New restaurant, Rehfeld’s Art & Framing to fill former Luciano’s

July 27, 2020

A new restaurant from a Sioux Falls chef will combine with a relocated Rehfeld’s Art & Framing to fill the first floor of Falls Center, which used to be Luciano’s North restaurant.

Rehfeld’s will take the east end of the space at 421 N. Phillips Ave., which faces the street.

It will house the store’s gallery and some of its framing work.

“We’re trying to keep as much open as gallery as we can,” said Jerry Cook, who bought the art and framing business last fall.

There will be workspace updates “because of the craftsmanship and artisanship that goes into those framing projects is still critical for the public to see.”

The move brings Rehfeld’s away from its decades-long home at 210 S. Phillips Ave. and is months in the making. When Cook saw Luciano’s was leaving this spring, he reached out to ask about the building.

“I always had this space on my mind, but it was sort of like a diamond, and I thought there’s no way we’ll be able to work something out,” he said. “It snowballed from there, so in my opinion it’s really been a collaborative effort.”

He plans to open before the end of the summer.

The balance of the first-floor space will be an expanded venture for chef Lance White, who has operated Chef Lance’s Cafe & Catering out of the kitchen at Signature Flight Support at Joe Foss Field for the past two years.

The chef and his wife, Jenny, will move their business, which has outgrown its space, to the west side of the first floor and rename it Chef Lance’s on Phillips.

They’ll continue their prepared-meal and catering services and add a restaurant that will be open for lunch and dinner, said White, who has been in the industry for 25 years.
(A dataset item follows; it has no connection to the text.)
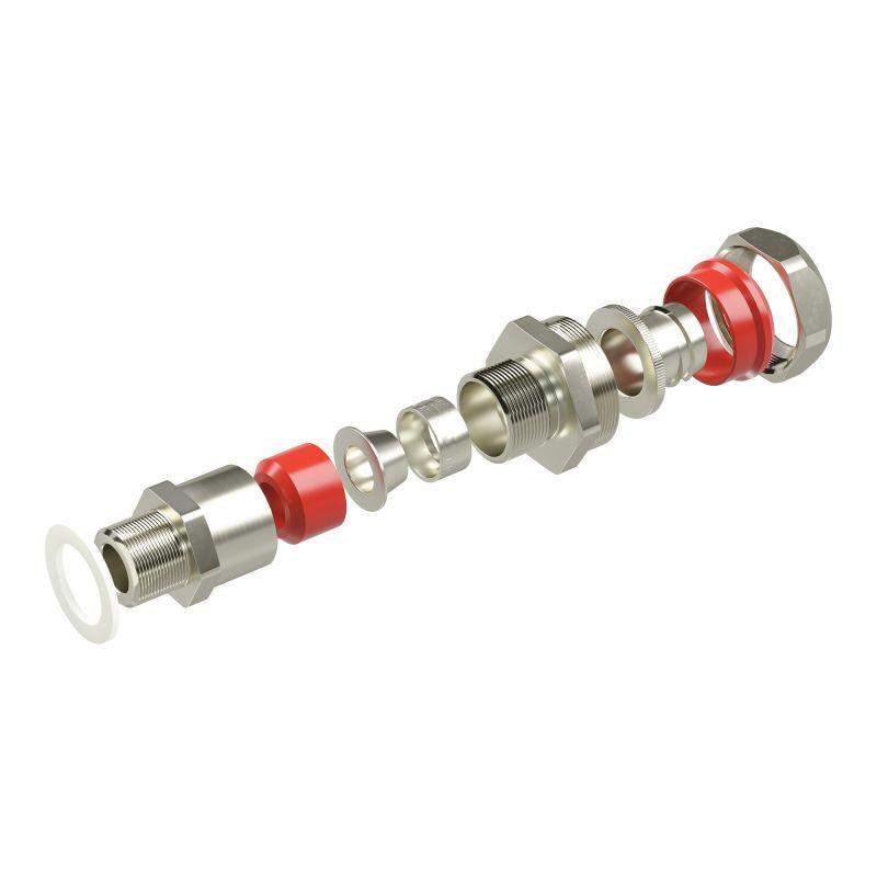 Взрывозащищенный кабельный ввод серии КАЕРМ для бронированного инебронированного кабеля в металлорукаве COSMEC Dn:15 М20х1,5 d:5,8-12мм.Никелированнаялатунь IP66/IP68. Используется для ввода кабеля непосредственно в корпус электрооборудования шкафа, щитка, клеммной коробки, поста управления, а также для прокладки кабельной линии во взрывоопасной атмосфере.

“We’re planning on serving very family-friendly food, nothing high-end,” he said, noting that his son Corbin will be taking on a larger role in the business. “It will be comfort meals, nice steaks, pasta, a little seafood. We’re not going to be super high-end with five different sauces on the plate. We’re going to do good food, prepared well.”
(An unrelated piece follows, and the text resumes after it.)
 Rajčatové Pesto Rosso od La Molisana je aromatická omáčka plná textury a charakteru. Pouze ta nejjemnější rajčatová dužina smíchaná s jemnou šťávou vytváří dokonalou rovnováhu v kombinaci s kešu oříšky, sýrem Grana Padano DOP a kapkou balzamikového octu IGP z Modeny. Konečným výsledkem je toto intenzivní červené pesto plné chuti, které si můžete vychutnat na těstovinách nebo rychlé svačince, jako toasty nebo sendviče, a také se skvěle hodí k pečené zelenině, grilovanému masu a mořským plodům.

The lunch menu will be “lots of soups, salads, sandwiches, wraps, burgers,” he said. “We’ll have our French fries, cheese curds, homemade tater tots, asparagus fries.”

Chef Lance’s on Phillips will be open Monday through Saturday, and kitchen hours likely will be 11 a.m. to 2 p.m. for lunch and 5 to 9 p.m. for dinner and until 10 p.m. on Friday and Saturday.

White is pursuing a beer and wine license and envisions using a private dining room in the space for special events, “something like a dinner with five courses and five different wines.” Customers also will be able to reserve the room for meals.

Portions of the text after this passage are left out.